## Available data
---+---

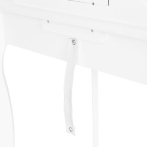 Toaletka posiada również praktyczną szufladę, w której dziecko może przechowywać swoje skarby, biżuterię, czy też akcesoria do zabawy. Szuflada została zaprojektowana tak, aby można było łatwo ją otworzyć i zamknąć, umożliwiając dziecku samodzielne organizowanie swojego małego świata.
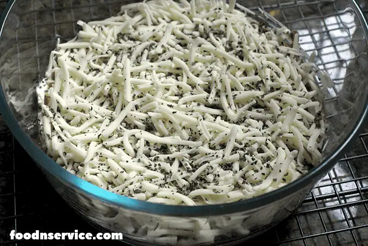 4. Sprinkle your mozzarella cheese around to create an even coating
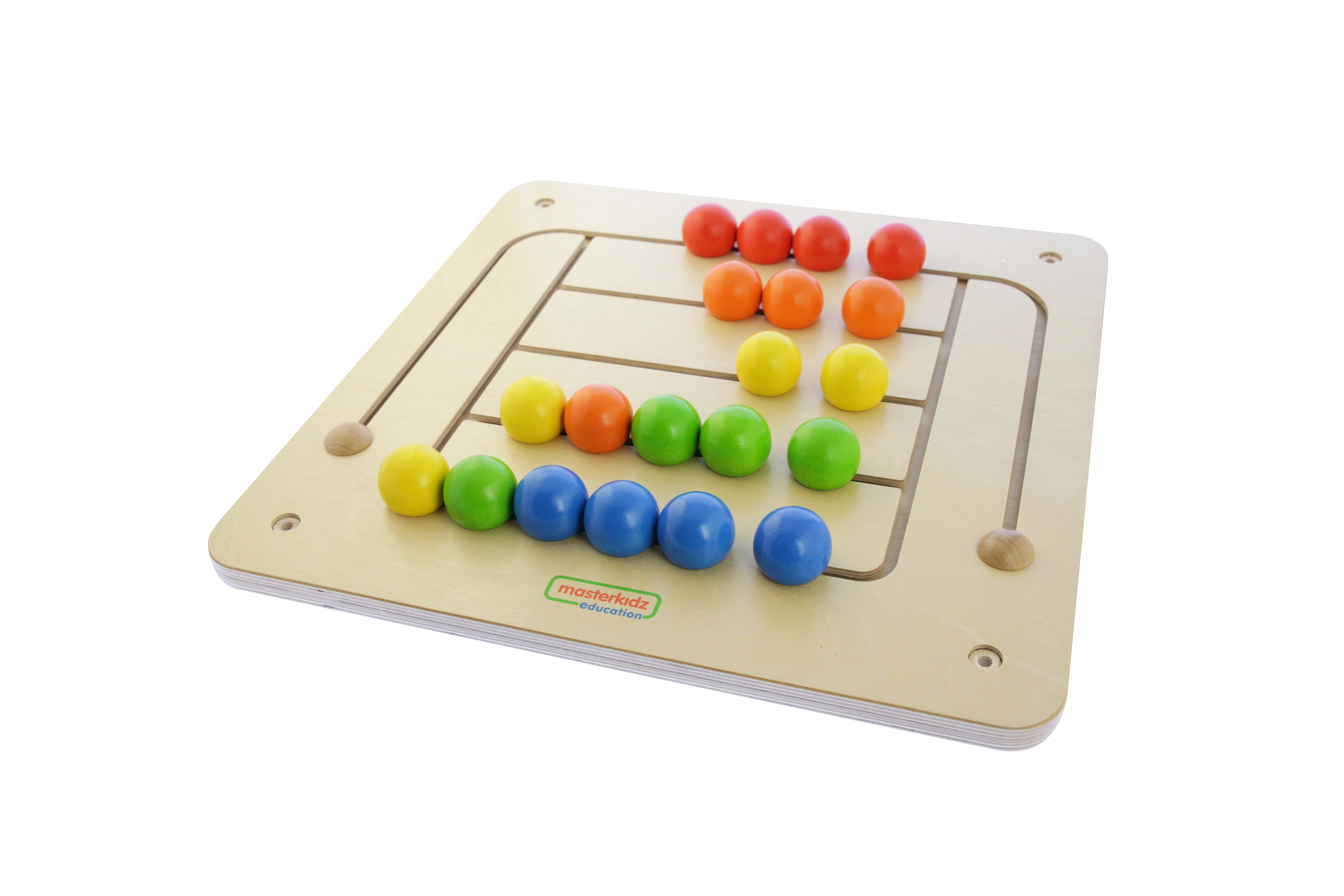 Ребенок, передвигая шарики по лабиринту, может сортировать их по цветам или выстраивать из них определенные цветовые последовательности. Может задействовать как одну руку, так и две руки одновременною.
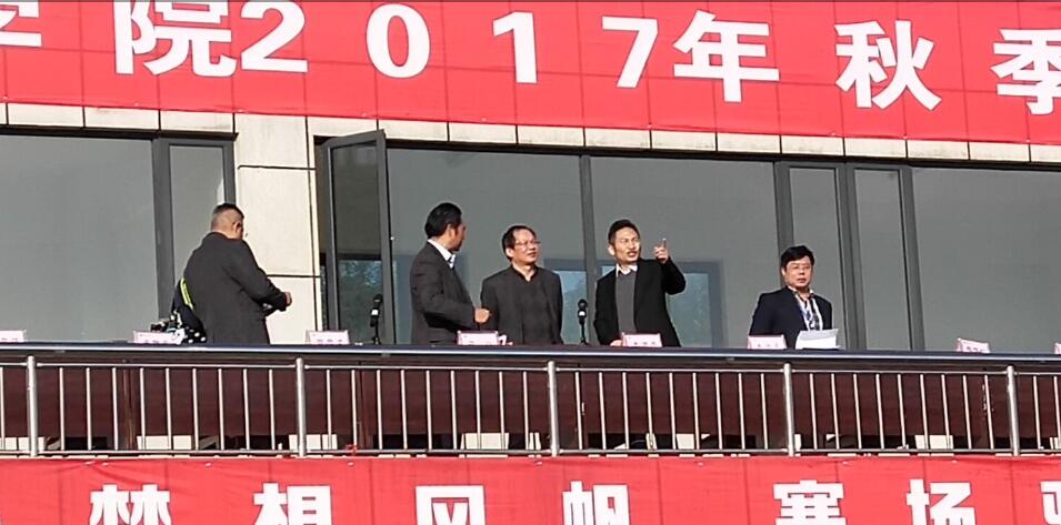 校党委书记许云宣布:襄阳汽车职业技术学院2017年秋季田径运动会开幕!会场上欢呼沸腾,大家用热烈的掌声迎接运动会的到来。

---+---

## About this exercise
Omitting all pictures, restate exactly the lines of the material from its start through the line that contains "4. Sprinkle your".

## Result for this task
 Toaletka posiada również praktyczną szufladę, w której dziecko może przechowywać swoje skarby, biżuterię, czy też akcesoria do zabawy. Szuflada została zaprojektowana tak, aby można było łatwo ją otworzyć i zamknąć, umożliwiając dziecku samodzielne organizowanie swojego małego świata.
 4. Sprinkle your mozzarella cheese around to create an even coating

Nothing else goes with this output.